We grow up believing someone will swoop into our lives and save us.
It’s in every story we are told, every book we read, every movie we watch in the late hours of the night with our girlfriends. We spend so much of our time waiting for and depending on this other person to come in and bring us all the things we feel we are without—joy, happiness, excitement, confidence, love.
As we get older, many of us are still learning to develop a sense of self-responsibility, but most of us were never actually taught how to do that. We then grow up expecting to fall in love with someone who we think will fulfill our lives in every way.
Inevitably, they don’t. Our relationships fall apart, and we are left wondering where everything went so wrong.
I have been—I sometimes still am—this person.
I have spent years holding my relationships to the highest of expectations, hoping this person will be for me all the things I can’t seem to be for myself.
“Today, we turn to one person to provide what an entire village once did: a sense of grounding, meaning, and continuity. At the same time, we expect our committed relationships to be romantic as well as emotionally and sexually fulfilling. Is it any wonder that so many relationships crumble under the weight of it all?” ~ Esther Perel, psychotherapist and author.
There is seduction in the idea that if only we could meet someone who will save us, we will be eternally happy. Unfortunately, that’s not how life works. But what we can do is create lives for ourselves that are meaningful, irrespective of another person.

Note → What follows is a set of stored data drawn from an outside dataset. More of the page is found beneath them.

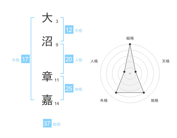 大沼 章嘉さんを姓名の画数から五運を鑑定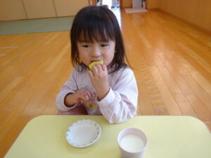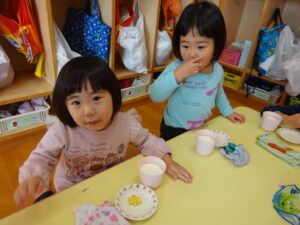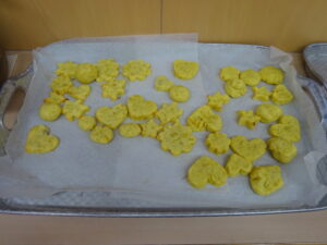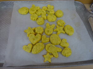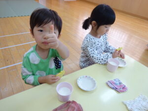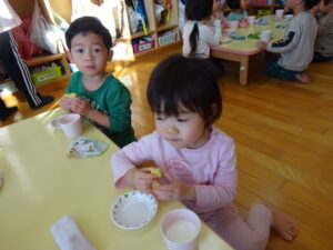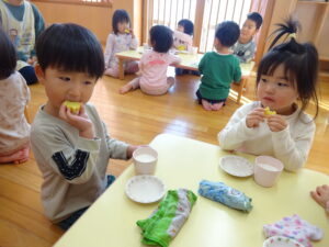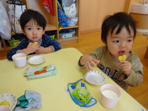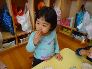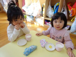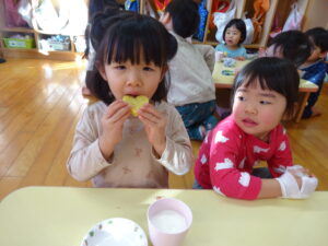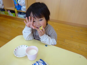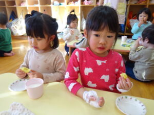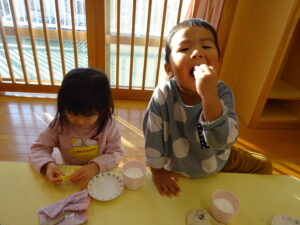 2023.12.26 スイートポテト完成☆うさぎ組(12/26) 午前中、みんなで型抜きして作ったおいもさん🍠みんながお昼寝をしている間に…給食先生がオーブンで焼いてくれましたよ☆とってもおいしそうにできました(^-^)自分たちで作ったので、いつも以上に美味しかったね(^-^)また、クッキングしようね。 じゃ~ん!完成です! とってもいいにおいがしています☆ < 前の記事へ | 次の記事へ >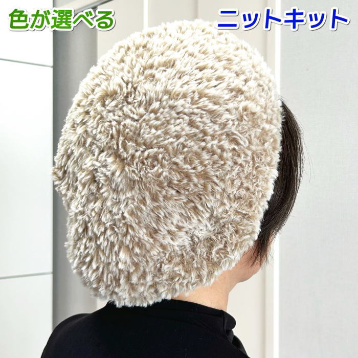 フェイクファーの毛糸・テディで編むベレー帽のニットキット(編みものキット)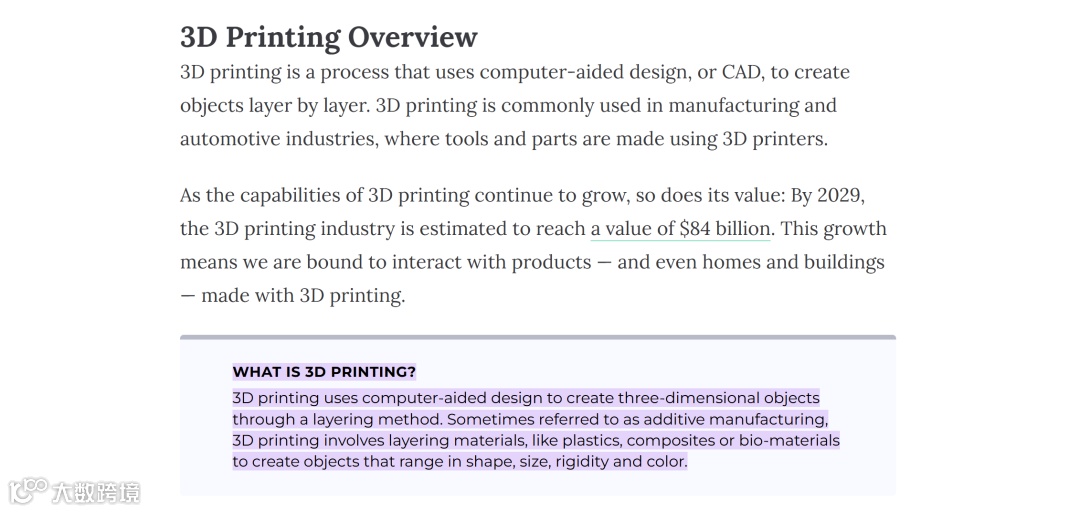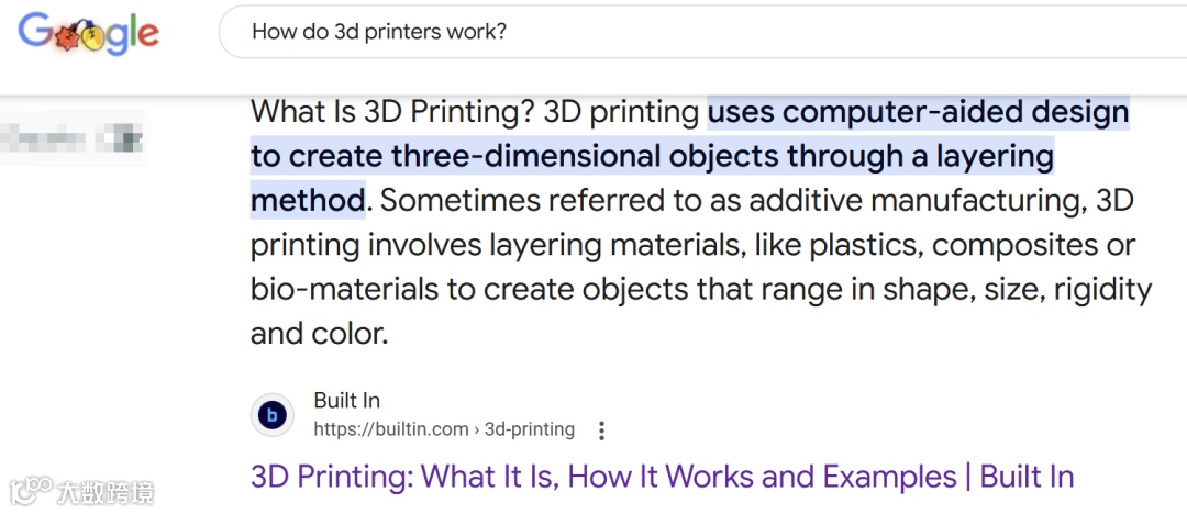例如:一篇博客文章中加了一段“What is 3D Printing?”的问答。在Google搜索“How do 3d printers work?”时,回答的内容就直接出现在了Featured Snippet中。

We can work to strengthen our own self-reliance. We can work to enrich our lives with the things we love, with the things that make us happy, motivated, inspired.
A few summers ago, I distinctly remember a moment with a new partner where I felt that all-too-familiar tug of anxiety-fueled dependency.
It was early evening, and we sat on the balcony of his condo, two glasses of red in front of us. He was talking about all these plans he had for the rest of the summer, all the things he wanted to do and had planned for himself. As we sat there, I couldn’t help but feel this deep sense of jealousy overpower me.
And immediately, my thoughts began to race in their usual unhealthy pattern:
He has all these things that bring him joy, but they have nothing to do with me.
What if he prefers to do these things over spending time with me?
What if he realizes I don’t have as much going on and he leaves me for someone who does?
Am I not enough?
Can I not give him what he needs?
I stopped my thoughts in their tracks. I looked out at the city around us, looked at its vastness, and thought: “Nope. Not again.” This time I will not sink into patterns of self-deprecation. This time, I will use these feelings to try and understand what’s missing in my own life.
I asked myself: If I’m feeling jealous, does it mean that I don’t have things in my own life that I am equally excited about?
When we think about the “strong independent woman” trope, we often imagine a woman who is hard, lonely, and not this way by choice but because she has had to be. But what if we change that narrative? What if that narrative is, instead, two people who have full, happy lives and are together out of want not out of need?
I vote that we start making self-reliance sexy.
Since I’ve channeled my own goals and drives in life and have dug deeper into my own passions, I have found my partner is more attracted to me. Even better, I no longer get jealous when he is excited about the things going on in his own life that don’t involve me. We are able to be happy for one another, and we have more to share with each other at the end of the day.
Even better than all of that? I’m just happier—period. I’m working to a create a life that I actually like, one that I can be proud of.
It’s sexy to have passions and goals.
It’s sexy to be independent and fearless.
And it’s sexy to want to have someone by our side along the way—but it’s also sexy if we don’t.
There is more than enough room for all of it.
I now wear the badge of self-reliance with pride. These feelings sometimes still tiptoe their way in, but I now know how to fight them, because with self-reliance comes strength. And that strength, I like to believe, resides in each and every one of us.